___ Data for analysis ___

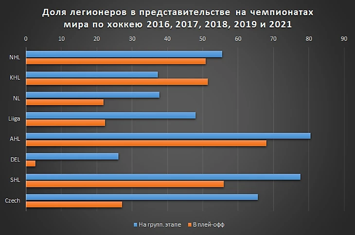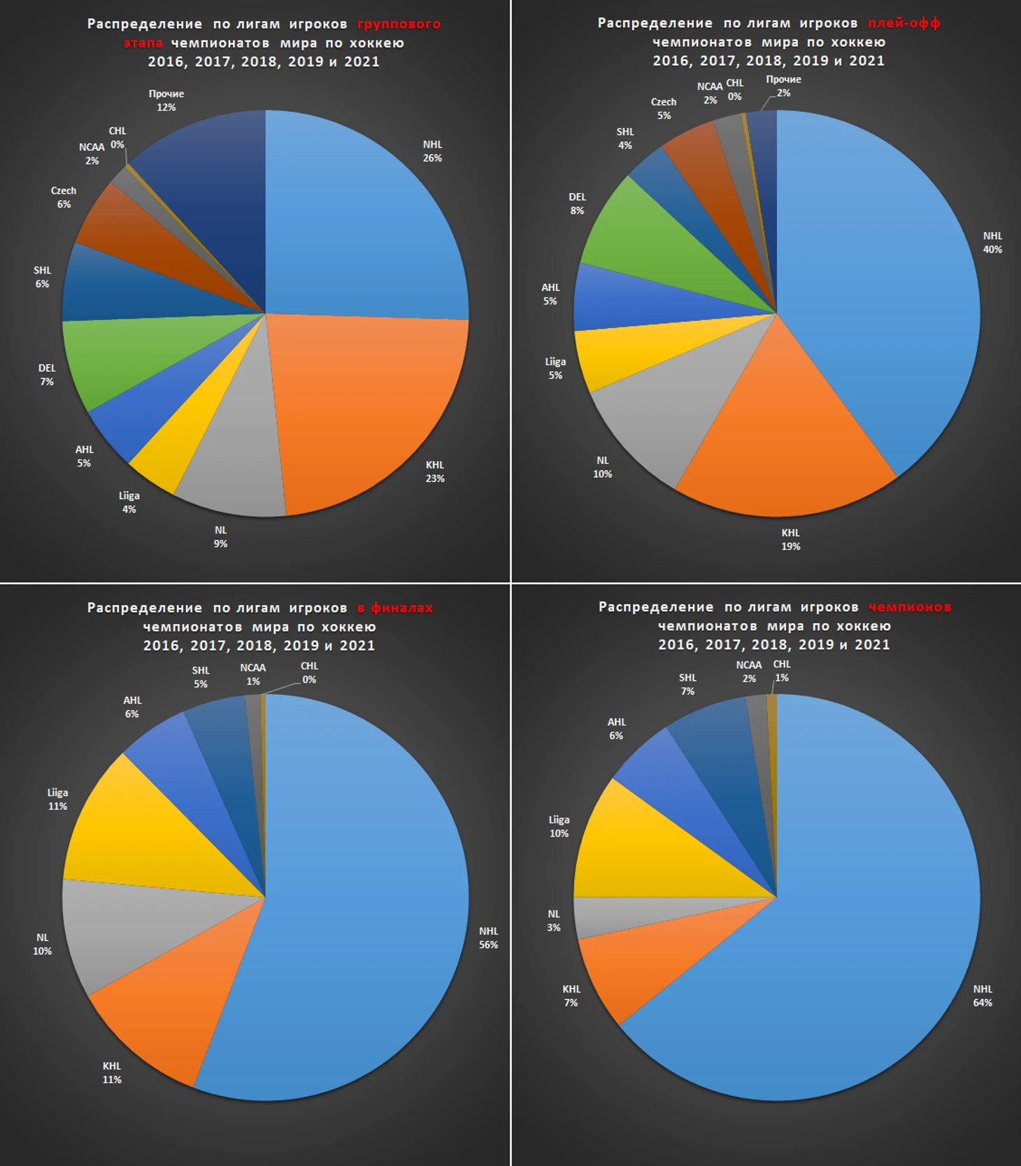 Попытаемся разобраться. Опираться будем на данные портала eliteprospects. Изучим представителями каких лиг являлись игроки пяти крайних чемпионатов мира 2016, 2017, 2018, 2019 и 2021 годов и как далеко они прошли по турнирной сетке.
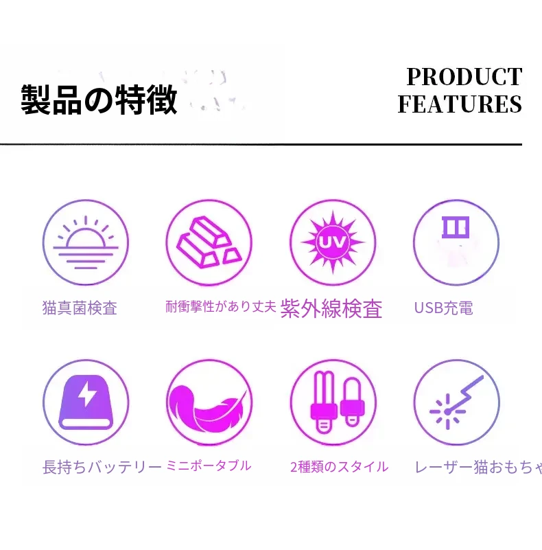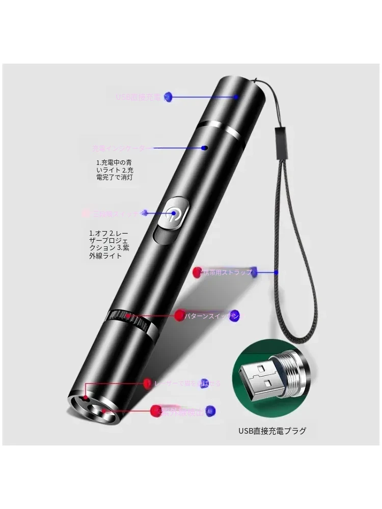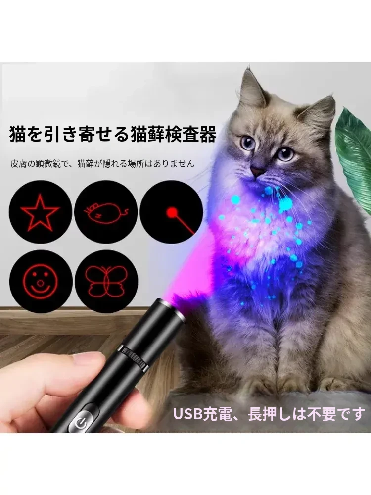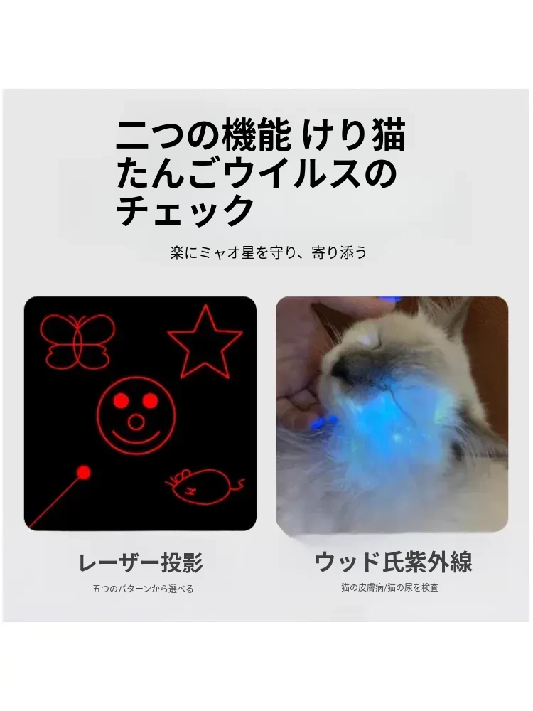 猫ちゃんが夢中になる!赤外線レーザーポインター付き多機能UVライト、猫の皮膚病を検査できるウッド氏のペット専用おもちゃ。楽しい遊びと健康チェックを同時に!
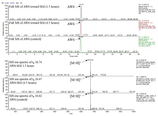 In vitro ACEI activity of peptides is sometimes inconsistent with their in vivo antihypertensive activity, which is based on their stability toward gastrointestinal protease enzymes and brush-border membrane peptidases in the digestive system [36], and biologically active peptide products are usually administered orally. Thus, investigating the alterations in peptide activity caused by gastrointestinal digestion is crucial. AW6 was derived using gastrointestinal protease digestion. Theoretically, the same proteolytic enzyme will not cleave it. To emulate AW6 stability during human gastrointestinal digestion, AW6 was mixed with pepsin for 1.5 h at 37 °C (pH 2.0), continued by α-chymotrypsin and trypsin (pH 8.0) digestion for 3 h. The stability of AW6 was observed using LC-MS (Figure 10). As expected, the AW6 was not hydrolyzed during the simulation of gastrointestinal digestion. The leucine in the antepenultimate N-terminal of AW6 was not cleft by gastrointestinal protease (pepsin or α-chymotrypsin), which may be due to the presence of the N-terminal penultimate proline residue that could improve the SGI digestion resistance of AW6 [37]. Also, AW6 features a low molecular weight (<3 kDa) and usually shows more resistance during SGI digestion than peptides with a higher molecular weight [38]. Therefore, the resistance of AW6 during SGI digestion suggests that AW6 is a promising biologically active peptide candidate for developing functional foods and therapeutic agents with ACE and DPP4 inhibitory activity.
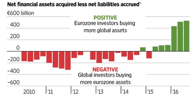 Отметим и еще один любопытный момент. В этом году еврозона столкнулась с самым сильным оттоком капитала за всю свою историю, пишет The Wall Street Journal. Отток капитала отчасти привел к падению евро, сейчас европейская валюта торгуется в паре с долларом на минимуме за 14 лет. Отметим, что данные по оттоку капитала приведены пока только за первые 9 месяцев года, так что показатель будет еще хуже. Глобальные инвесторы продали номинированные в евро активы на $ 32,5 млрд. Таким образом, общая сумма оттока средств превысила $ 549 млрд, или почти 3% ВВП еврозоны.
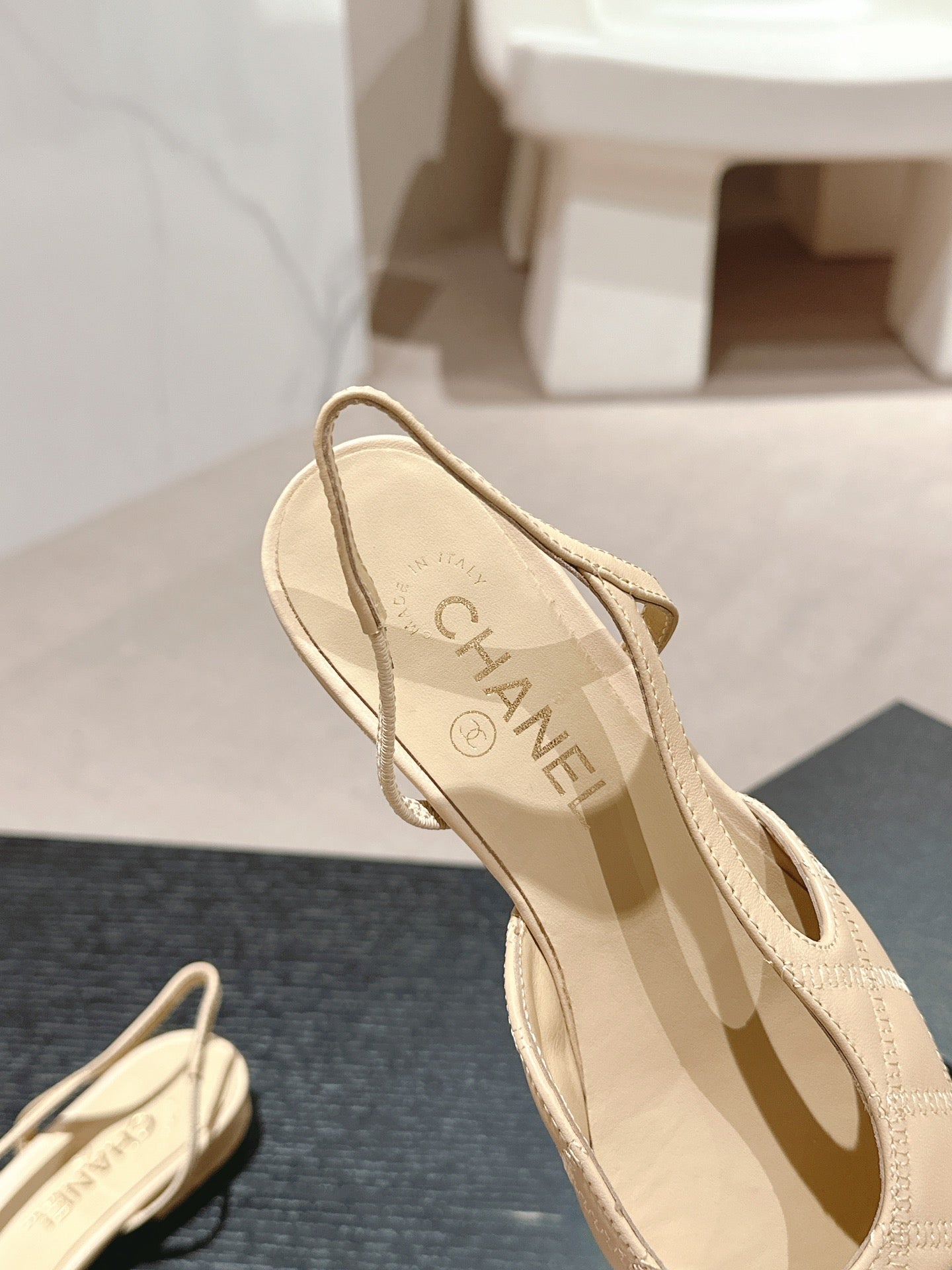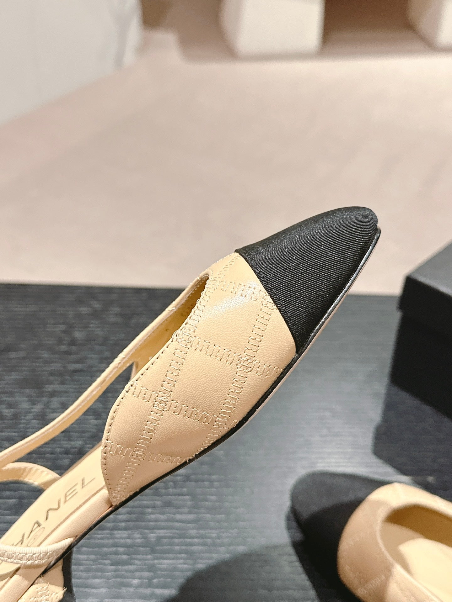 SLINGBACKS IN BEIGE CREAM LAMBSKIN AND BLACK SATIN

___

▶ **Task details**: Repeat the full listing above without altering a word, and skip the pictures.

▶ **Exercise result**:
 Попытаемся разобраться. Опираться будем на данные портала eliteprospects. Изучим представителями каких лиг являлись игроки пяти крайних чемпионатов мира 2016, 2017, 2018, 2019 и 2021 годов и как далеко они прошли по турнирной сетке.
 猫ちゃんが夢中になる!赤外線レーザーポインター付き多機能UVライト、猫の皮膚病を検査できるウッド氏のペット専用おもちゃ。楽しい遊びと健康チェックを同時に!
 In vitro ACEI activity of peptides is sometimes inconsistent with their in vivo antihypertensive activity, which is based on their stability toward gastrointestinal protease enzymes and brush-border membrane peptidases in the digestive system [36], and biologically active peptide products are usually administered orally. Thus, investigating the alterations in peptide activity caused by gastrointestinal digestion is crucial. AW6 was derived using gastrointestinal protease digestion. Theoretically, the same proteolytic enzyme will not cleave it. To emulate AW6 stability during human gastrointestinal digestion, AW6 was mixed with pepsin for 1.5 h at 37 °C (pH 2.0), continued by α-chymotrypsin and trypsin (pH 8.0) digestion for 3 h. The stability of AW6 was observed using LC-MS (Figure 10). As expected, the AW6 was not hydrolyzed during the simulation of gastrointestinal digestion. The leucine in the antepenultimate N-terminal of AW6 was not cleft by gastrointestinal protease (pepsin or α-chymotrypsin), which may be due to the presence of the N-terminal penultimate proline residue that could improve the SGI digestion resistance of AW6 [37]. Also, AW6 features a low molecular weight (<3 kDa) and usually shows more resistance during SGI digestion than peptides with a higher molecular weight [38]. Therefore, the resistance of AW6 during SGI digestion suggests that AW6 is a promising biologically active peptide candidate for developing functional foods and therapeutic agents with ACE and DPP4 inhibitory activity.
 Отметим и еще один любопытный момент. В этом году еврозона столкнулась с самым сильным оттоком капитала за всю свою историю, пишет The Wall Street Journal. Отток капитала отчасти привел к падению евро, сейчас европейская валюта торгуется в паре с долларом на минимуме за 14 лет. Отметим, что данные по оттоку капитала приведены пока только за первые 9 месяцев года, так что показатель будет еще хуже. Глобальные инвесторы продали номинированные в евро активы на $ 32,5 млрд. Таким образом, общая сумма оттока средств превысила $ 549 млрд, или почти 3% ВВП еврозоны.
 SLINGBACKS IN BEIGE CREAM LAMBSKIN AND BLACK SATIN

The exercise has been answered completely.